Песня исполнялась на жутком портовом наречии, поэтому Карл с трудом разбирал слова. Кроме того, все эти песни были для Карла на одно лицо — одна и та же мелодия, одни и те же причитания. Он находил, что все англичане — грубые и тупые ублюдки, особенно в том, что касается музыкального вкуса. Будь его воля, он предпочел бы выбрать для местожительства какую-нибудь другую страну. Особенно остро это чувство накатывалось на него, когда Карл начинал мечтать, не переставая орудовать иголкой, пришивая подкладки к жилетам. Ему вспоминался маленький польский городок, который уже почти забылся, солнце, поля кукурузы, снег и сосны. Карл так и не понял, почему им срочно пришлось убираться из страны.

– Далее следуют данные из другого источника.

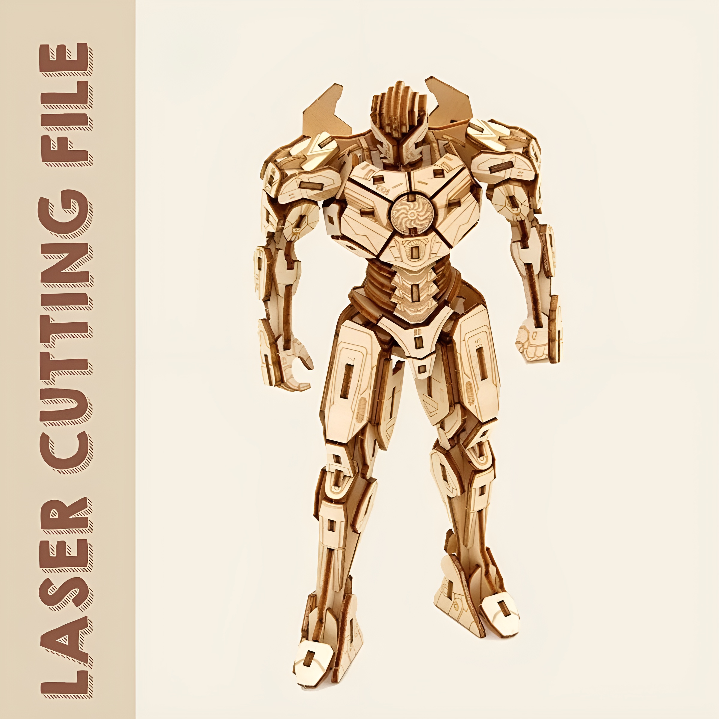 This digital template allows makers to convert flat wooden sheets into a dimensional mechanical warrior model. It serves as both a creative build and a display piece suitable for studios, maker environments, and collectors of mechanical themed decor.
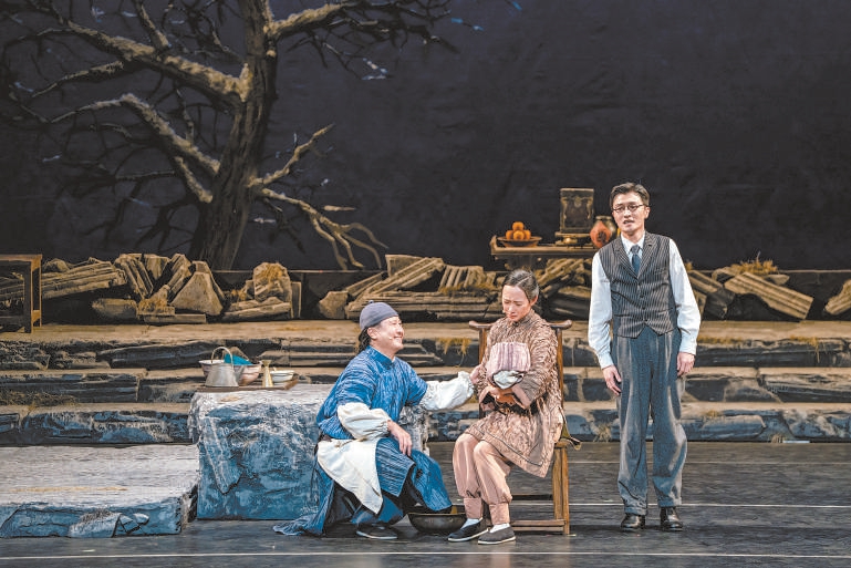 舞臺地面也由過去的雪地變成了石板地。石板形象參考了“圓明園”的石頭形制,隱喻著“石頭很頑強,雖然被摧殘過,但是它依然在,并且會一直存在下去”。臺前幾盆老舍先生最愛的菊花,也依舊開得繁盛。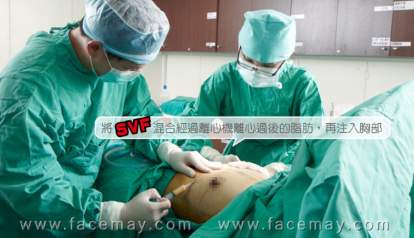 SVF生長因子:SVF是從脂肪組織中取出的生長因子,被醫學證明可以用來延長脂肪存活的機率,由此可見此細胞之珍貴程度!護理人員會將由我身上抽出的脂肪一一分裝於各個小針筒,接著將針筒放入離心機中進行離心作業,將不需要的雜質去除!200c.c的脂肪只能萃取出一點點SVF呢!有了生長因子讓注入我身體內的脂肪存活機率更高,讓我的胸部不縮水!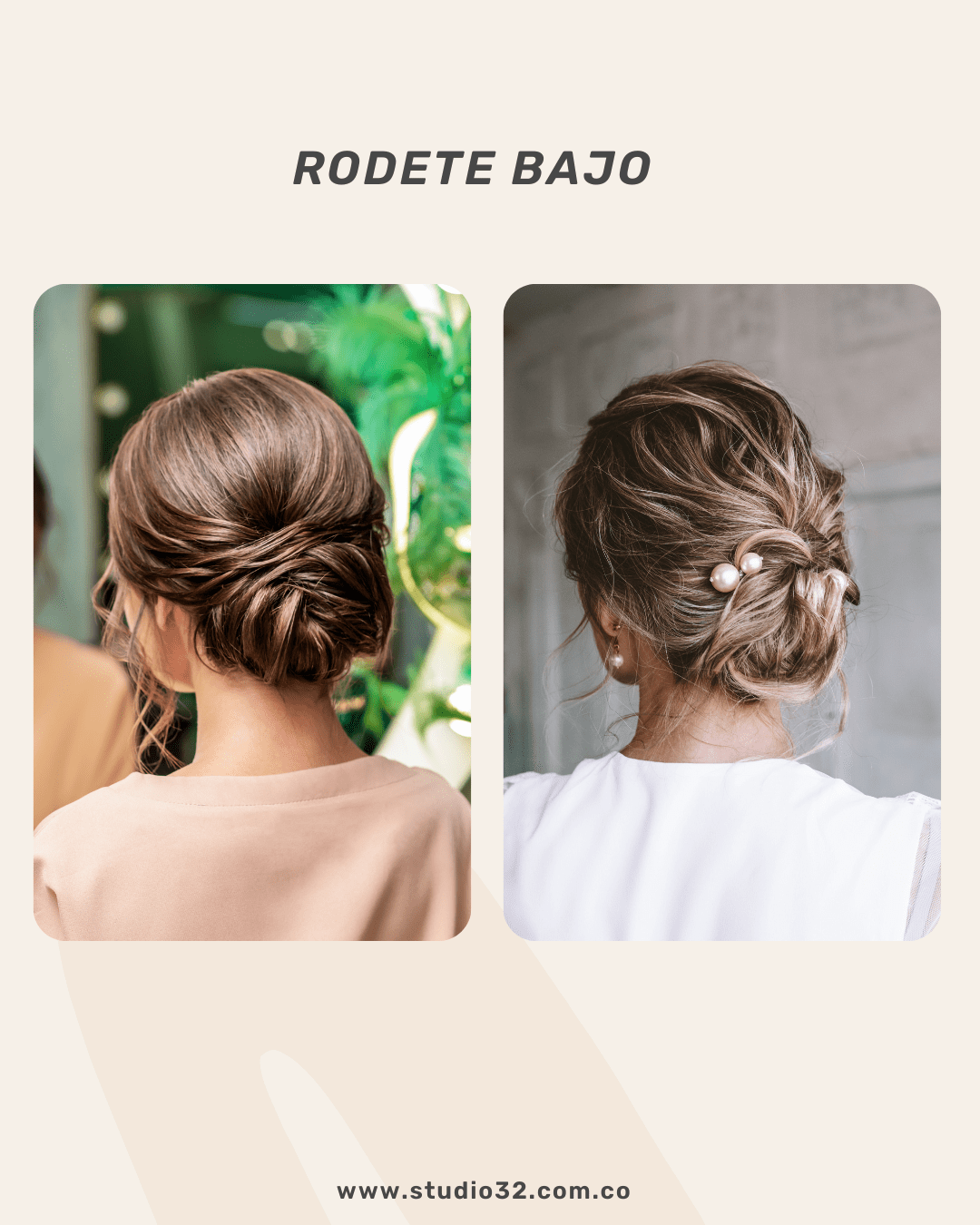 Peinado clásico y sofisticado con varias ventajas funcionales: una de ellas, tener el cabello bajo control y fuera del rostro lo que es perfecto para un día con bastantes actividades; a pesar de esto se adapta a diferentes ocasiones por lo que se puede optar por este mismo estilo, pero mucho más pulido y elegante para eventos, por otro lado, puede crear un rodete bajo “más suelto y despeinado” para días casuales.

Вода хлюпала в его дырявой обуви. Мокрые штаны липли к тощим ногам. Карл пересек еще одну аллею. Там стояли двое или трое английских подростков. Подростки развлекались тем, что толкались и пинали друг друга. Карл надеялся, что они его не заметят. Что могло быть более привлекательным для изнывающих от скуки английских подростков, нежели возможность вломить Карлу Глогауэру? А для Карла самым важным сейчас было не потерять письмо, не порвать его и не помять, что, несомненно, случится, если подростки его заметят. Пять шиллингов — это был почти двухдневный заработок. За час он может заработать столько, сколько обычно зарабатывает за 36 часов. Подростки его не заметили. Наконец Карл достиг района, где улицы были пошире, и свернул на Коммершиэл-стрит. По улице медленно двигались люди и экипажи. Все, даже огромные неуклюжие кэбы, казалось избитым и исхлестанным дождем. Весь мир словно состоял из черных и грязно-белых тонов, изредка оживляемых желтыми пятнами газовых фонарей, освещавших витрины дешевых кондитерских, лавок старьевщиков, пивных и ломбардов. Плетущиеся по улицам массивные ломовые лошади, запряженные в грузовые подводы, едва-едва не врезались мордами в зеленые изогнутые кузова конок и омнибусов. Возницы на чем свет стоит крыли свою скотину, конкурентов и самих себя. Скорчившиеся под зонтами, завернутые до кончика носа в прорезиненную ткань, парусину или габардин мужчины и женщины шли куда-то к лишь им ведомым целям, наталкиваясь друг на друга или успевая вовремя отступить в сторону. Через весь этот ад, то и дело увертываясь, спешил Карл с письмом за пазухой. Он пересек Олдгейт и побежал дальше по длинной и страшной Лимэн-стрит, мимо пабов, мимо немногочисленных отвратительных лавок, мимо облупленных домов, мимо бесконечных кирпичных стен, единственное назначение которых, казалось, было лишать улицы света. Мимо полицейского участка с синей лампой, мерцающей над дверью. Мимо другой длинной оштукатуренной стены, сплошь залепленной рекламными объявлениями, расхваливающими мясные кубики, супы, мотоциклы, успокоительные пилюли, пиво, лавки менял, политические партии, газеты, мюзик-холлы… Другие объявления зазывали на работу («ирландцев и чужестранцев просим не обращаться»), предлагали мебель по льготным расценкам, истошно уговаривали вступить в армию. По объявлениям хлестал дождь. Некоторые объявления отклеивались, расплывались, падали на землю. На другие объявления водица с неба действовала благотворно: они блестели, будто новенькие.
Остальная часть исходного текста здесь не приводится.